### Input data ###

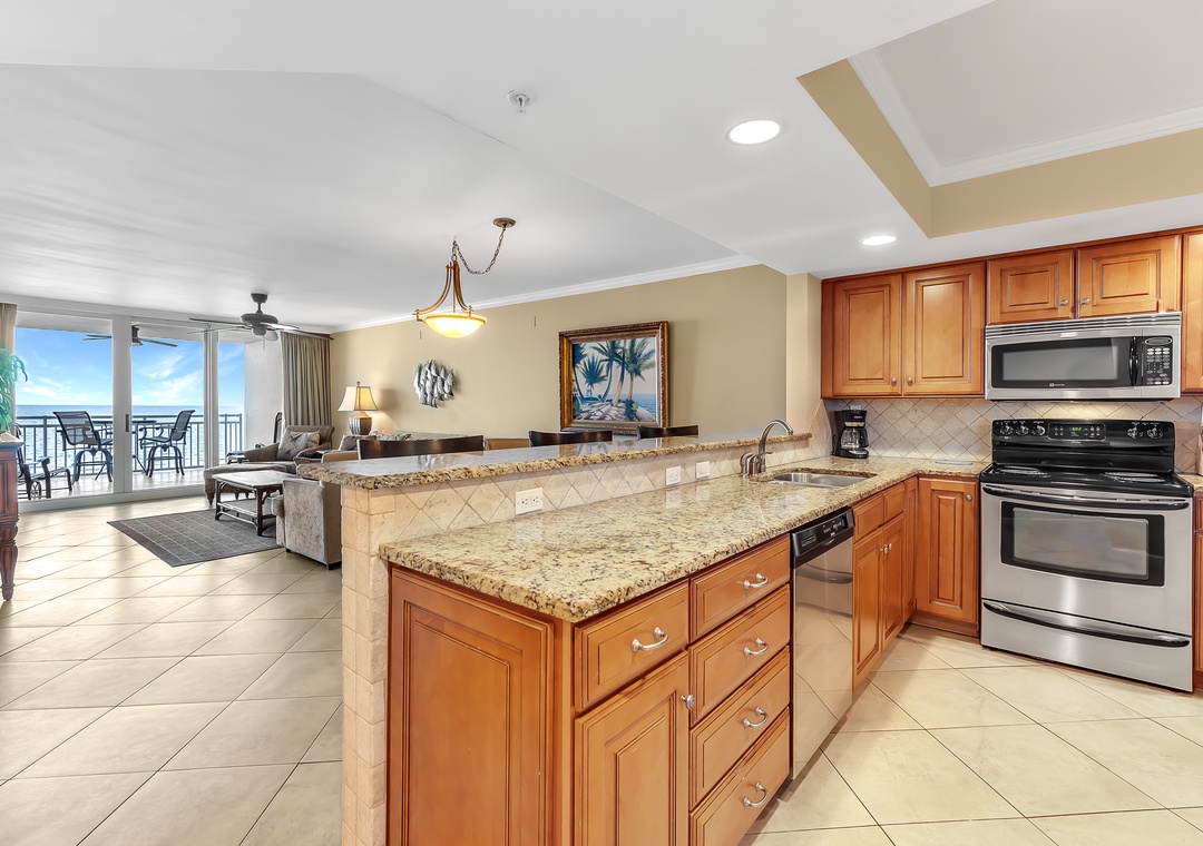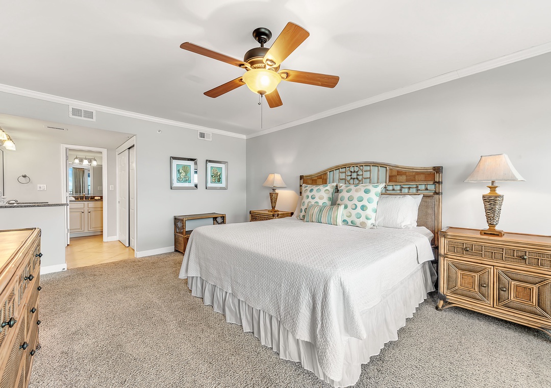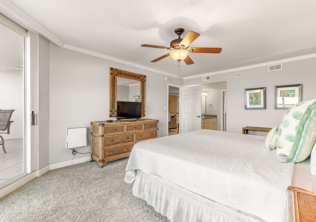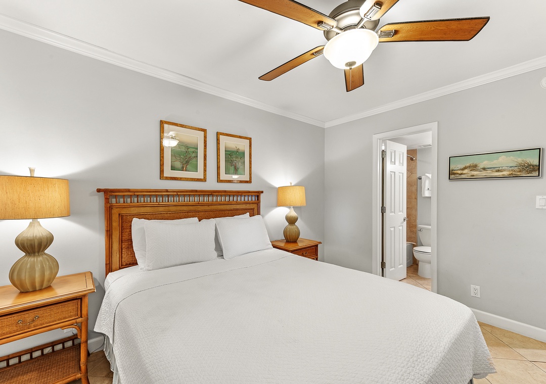 The master is the perfect restful retreat, with a plush king bed. The master bathroom features 2 granite vanities allowing for plenty of counter and cabinet space. The second bedroom is filled with queen bed and a second bath. Including the queen sleeper sofa in the living room, this unit comfortably accommodates up to 6 guests!
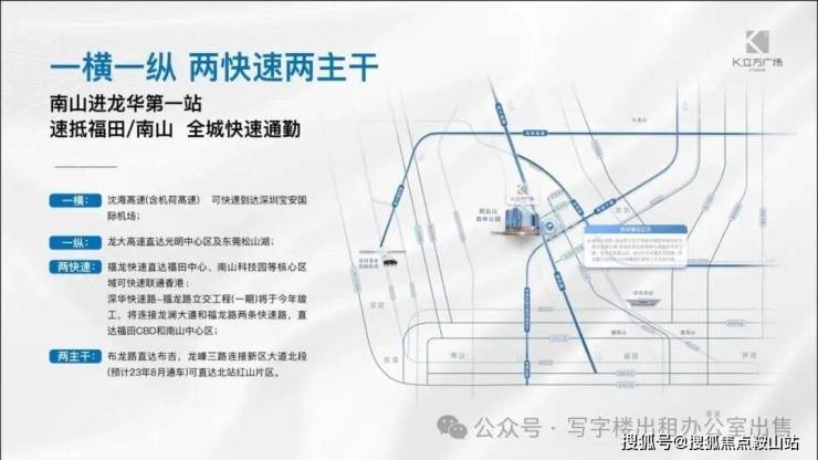 福龙快速直达福田车公庙,可快速联通香港。深华快速路-福龙路立交工程(一期)将于今年竣工,连接龙澜大道和福龙路两条快速路,未来侨城东路北延线开通后,一站直达南山中心区,
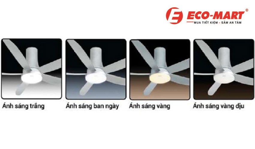 + Quạt được trang bị đèn LED nhiều mức ánh sáng và sự đa dạng về màu sắc, sản phẩm không chỉ là một công cụ làm mát mà còn là một phần trang trí sang trọng cho không gian gia đình.
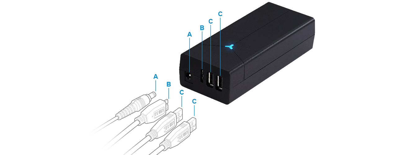 - Puissance de sortie réelle: 110 W (95W pour l’adaptateur et 15W pour les ports USB)
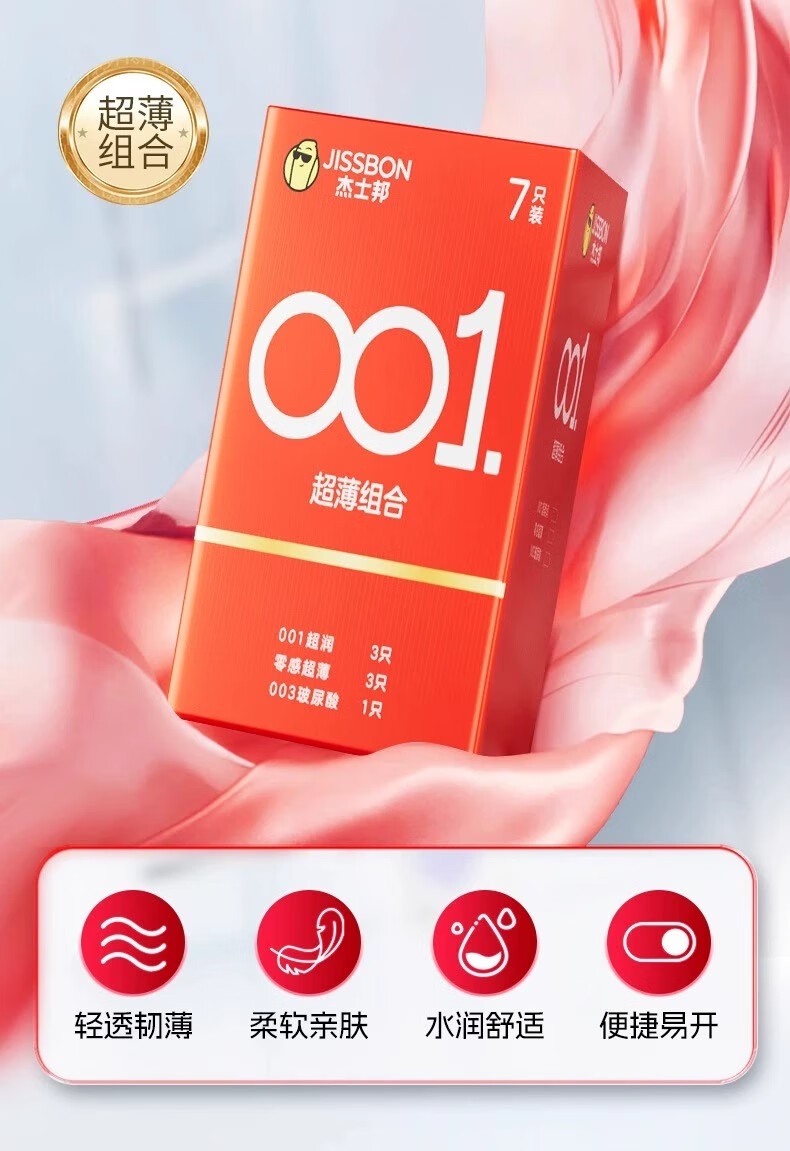 杰士邦避孕套0.01超薄001隐形裸入安全套女性秒喷套玻尿酸情趣成人计生 80%选择【共19只】001超薄7只+超滑超薄12
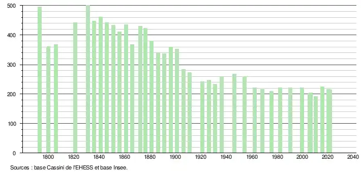 L'évolution du nombre d'habitants est connue à travers les recensements de la population effectués dans la commune depuis 1793. Pour les communes de moins de 10 000 habitants, une enquête de recensement portant sur toute la population est réalisée tous les cinq ans, les populations légales des années intermédiaires étant quant à elles estimées par interpolation ou extrapolation[23]. Pour la commune, le premier recensement exhaustif entrant dans le cadre du nouveau dispositif a été réalisé en 2005[24].
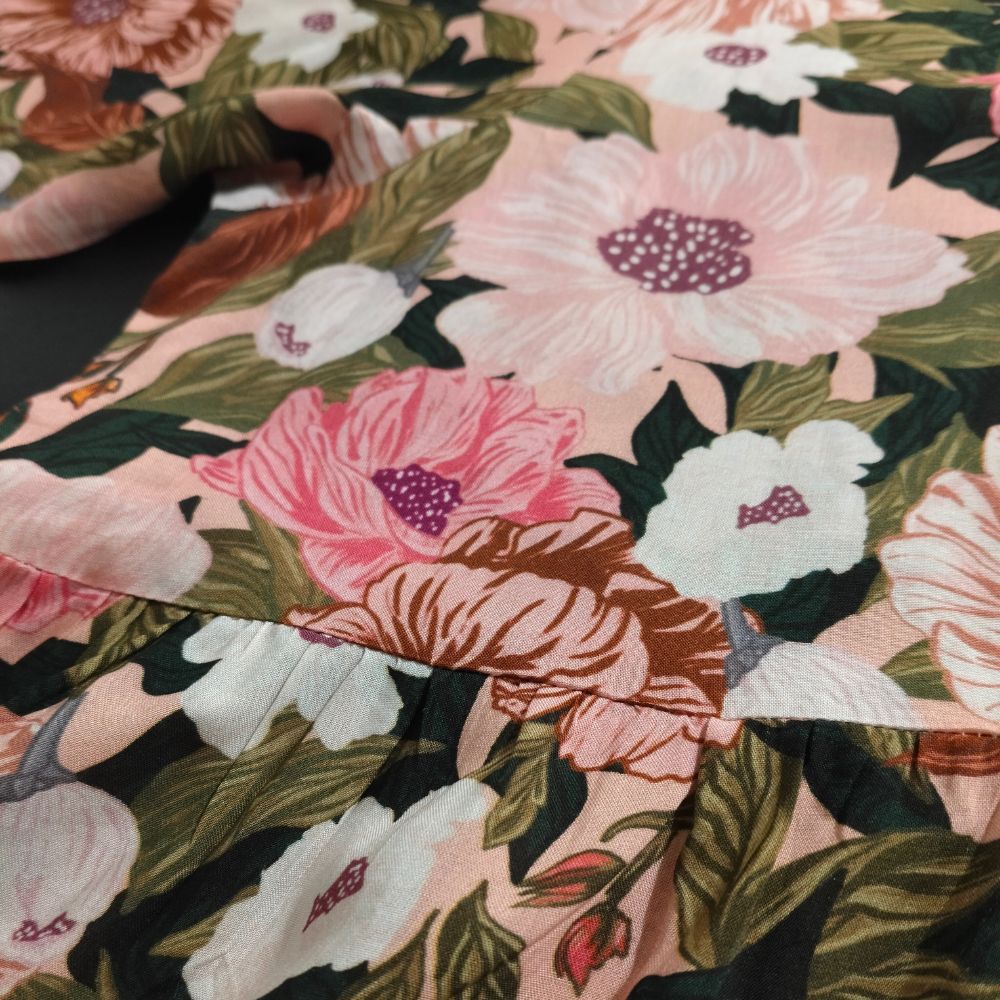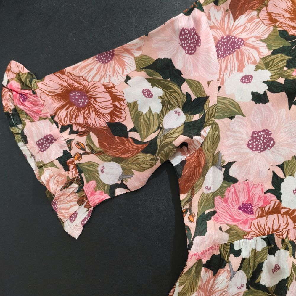 Roosan sävyinen kukallinen mekko, jossa kaunis röyhelö helmassa. Mekossa on pyöreä pääntie ja lyhyet hihat. Upea mekko niin juhliin kuin arkisempaan päivään!
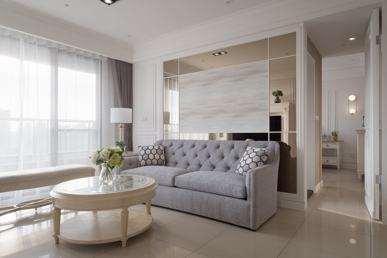 - 莫蘭迪灰綠色三人沙發建構起整間的法式風格,優雅細緻的絨布拉釦,薄框式扶手更顯輕巧

###

Task => Skip the pictures, then retype every line above exactly.

Answer section =>
 The master is the perfect restful retreat, with a plush king bed. The master bathroom features 2 granite vanities allowing for plenty of counter and cabinet space. The second bedroom is filled with queen bed and a second bath. Including the queen sleeper sofa in the living room, this unit comfortably accommodates up to 6 guests!
 福龙快速直达福田车公庙,可快速联通香港。深华快速路-福龙路立交工程(一期)将于今年竣工,连接龙澜大道和福龙路两条快速路,未来侨城东路北延线开通后,一站直达南山中心区,
 + Quạt được trang bị đèn LED nhiều mức ánh sáng và sự đa dạng về màu sắc, sản phẩm không chỉ là một công cụ làm mát mà còn là một phần trang trí sang trọng cho không gian gia đình.
 - Puissance de sortie réelle: 110 W (95W pour l’adaptateur et 15W pour les ports USB)
 杰士邦避孕套0.01超薄001隐形裸入安全套女性秒喷套玻尿酸情趣成人计生 80%选择【共19只】001超薄7只+超滑超薄12
 L'évolution du nombre d'habitants est connue à travers les recensements de la population effectués dans la commune depuis 1793. Pour les communes de moins de 10 000 habitants, une enquête de recensement portant sur toute la population est réalisée tous les cinq ans, les populations légales des années intermédiaires étant quant à elles estimées par interpolation ou extrapolation[23]. Pour la commune, le premier recensement exhaustif entrant dans le cadre du nouveau dispositif a été réalisé en 2005[24].
 Roosan sävyinen kukallinen mekko, jossa kaunis röyhelö helmassa. Mekossa on pyöreä pääntie ja lyhyet hihat. Upea mekko niin juhliin kuin arkisempaan päivään!
 - 莫蘭迪灰綠色三人沙發建構起整間的法式風格,優雅細緻的絨布拉釦,薄框式扶手更顯輕巧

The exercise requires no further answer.